MY STEPS UP FROM THAT SANDTRAP SLUMP "You don't think your way into a new kind of living. You live your way into a new kind of thinking." -Henri J.M. Nouwen, Dutch Catholic Priest, inspirational author Things I Did to Get Unstuck
  1. PRAY. TELL SOMEONE OTHER THAN YOUR CAT AND THE CEILING. Remember, it's okay to cry. The first person I told was Jesus, because He's my best friend. When I pray for myself I don't try to be so eloquent na (unless I'm praying for someone or writing) so I was like "Lord, I'm kind of like failing at life here and it's mostly my fault. May kodigo Ka ba?" Tell friends or family you have about the real deal, just two or three people you trust. Nice also if they know each other so they can tag team in order to support you. Remember, perhaps for this type of "stuck" situation, a few trusted ones lang. While you're in it, your dignity is still important. You don't want a whole room of people at a party to ask "How are you na?" the next time you walk in.
  2. GET UP AND MOVE. You will literally be swallowed up by the sands of time if you don't move AT ALL (and that last wisp of sand that swirls in the wind when you disappear will be the last we hear of you if you freeze). Momentary sadness about your situation is allowed but you can't just sit there and binge on whatever, whether it's food, that online series, or social media. When I didn't know what to do at first coz I didn't have traction I chose to workout and get fit. Working out IS important when you are in a slump of any sort because your mind when it isn't your smooth-running engine is also your worst enemy. Exercising prepares you for the nitty gritty, it also helps you feel better when you look in the mirror daily. Your body is the closest thing to YOU so why shouldn't self-improvement begin right there?

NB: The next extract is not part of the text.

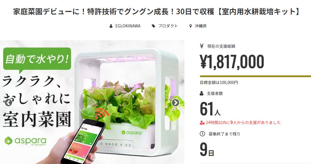 皆様こんにちは!アスパラガーデンお得な先行予約販売は本日23:59終了となります。多くの方のご支援、心より感謝申し上げます。この後は一般販売へ向けて準備を進めて参ります。一般販売では定価での販売となりますので、お得な価格で買えるのは本日までとなっております。もしお悩みの方がいらっしゃいましたら、ぜひお得にいち早く手に入るこの機会をお見逃しなく!弊社オフィスでアスパラガーデンでミニトマト栽培中です。定期的に水が循環するのですが(自動水やり機能)水が流れる音は仕事の癒しになっております。そして植物の成長を日々楽しんでおります。皆様に末長くアスパラガーデンを楽しんで頂けるよう、種子キットの種類を充実させたり、種子キットと栽培キットのお得なサブスクモデルを構築したりといろいろアイデアを練っているところです。今後も活動レポートで情報を共有して参りますので、どうぞご期待ください!!それでは残り数時間となって参りましたが、最後まで何卒よろしくお願い申し上げます。ご質問はお気軽にメッセージくださいませ。アスパラガーデン日本正規代理店株式会社EGLOKINAWA 物販事業部一同

  3. MAKE CONTACT. Blast emails, companies, friends who are bosses, family who know clients or people looking for people. You'll be surprised, sometimes you don't even need to send out too much to a hundred people (it may or may not require that, though, depending). I got a response back after a couple of emails and in two weeks a solid opportunity presented itself.
  4. CHOOSE TO BE HAPPY, BE THANKFUL, AND STAY POSITIVE TO DO TOUGH TASKS. Never let your mood be your excuse for unproductivity. If you wait for your mood you'll waste time. Put on Gospel music and do the things you need to do that you don't feel like doing and you'll be glad you did them. You'll realize later on you'll want to choose to do them ahead of all the other things you'd rather be doing just so you can enjoy moments of relaxation later on.
  5. "COMPARISON IS THE THIEF OF JOY" Stop looking at other people's lives...just for awhile until you find your feet. Remember, once you are out of this slump (and you WILL be if you take steps) you'll be able to encourage and help someone else who gets stuck in a similar spot.